Сходил за фонендоскопом.

В легких влажные хрипы, явная крепитация. Похоже, пневмония. Сунул под мышку градусник. Ого! Тридцать девять и семь.

Спокойно, доктор – вы же доктор.

В таком состоянии больных госпитализируют, но это исключается. Собственно, и не нужно. Пережиток прежних допенициллиновых времен. Конечно, требуется наблюдение врача, но врач вот он.

Согласно последнему отчету Мосгорздрава, все отделения «скорой помощи» обеспечены ампулами с пенициллином.

Сейчас проверим.

Вышел в коридор, набрал 03.

Ответили довольно быстро. Антон Маркович сказал, что нужно прислать машину по поводу пневмонии, госпитализация не потребуется, но у дежурного врача обязательно должен быть с собой бензилпенициллин. Если нет, он позвонит в центральную.

– Кто это такой ученый академик, всё знает? – сказала телефонистка «скорой». – Вот и звонили бы в академическую, раз такой умный.

– Здесь не нужен специалист из академической поликлиники, – терпеливо ответил Антон Маркович. – Чтобы сделать инъекцию, достаточно обычного врача. Да вам и ехать ближе, чем оттуда. Я действительно член-корреспондент Медицинской академии наук. Фамилия Клобуков. Больная – моя дочь. Просто пришлите машину, пожалуйста, и непременно чтоб был бензилпенициллин. Укол я сделаю сам, у меня рука легкая.
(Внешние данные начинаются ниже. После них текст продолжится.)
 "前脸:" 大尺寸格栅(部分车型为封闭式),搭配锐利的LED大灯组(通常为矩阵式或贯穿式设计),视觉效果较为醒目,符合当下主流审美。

– Диктуйте имя больной и адрес, – официальным тоном произнесла телефонистка. – Высылаю машину. К вам приедет доктор Епифьева, очень опытный врач.
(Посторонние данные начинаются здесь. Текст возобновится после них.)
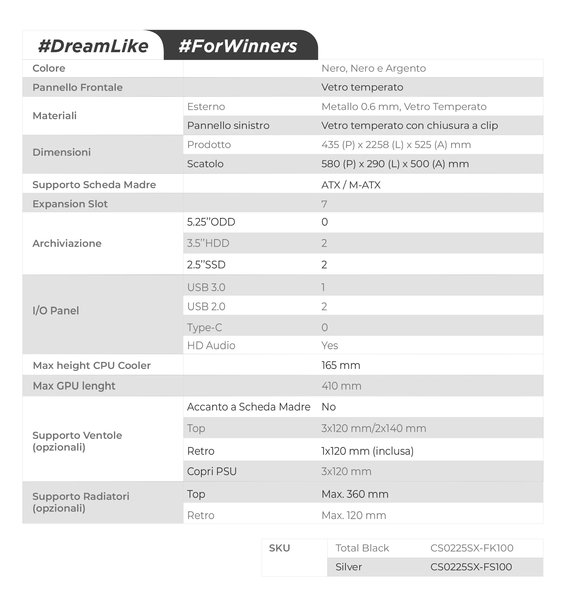 CASE NOUA UTOPIA FS100 SILVER 0.60MM SPCC 3*U3 FAN ARGB SIDE GLA

Клобуков не выносил, когда кто-то «трясет эполетами», как говаривали в старые времена, и никогда себе этого не позволял, но тут случай экстраординарный. А всё же стало стыдно. Подумалось: всякого человека с принципами нужно ставить в ситуацию, когда соблюдение этих принципов подвергнет угрозе кого-то очень близкого и дорогого. И если ты пожертвовал принципами, то ты демагог и лицемер. А если пожертвовал близким человеком, то ты нелюдь. Что же получается? Коррупция – а использовать свой статус в личных целях безусловно коррупция – человечна, бескомпромиссная принципиальность же бесчеловечна? Надо будет об этом поразмышлять.

Врач позвонил в дверь всего через двадцать минут – то ли потому что «скорую» вызвал академик, то ли она действительно хорошо работала.

Переваливаясь, вошла седенькая, маленькая, какая-то диспропорционально раздутая женщина в пенсне, в теплом пальто поверх белого халата. Начала с извинений, что так долго.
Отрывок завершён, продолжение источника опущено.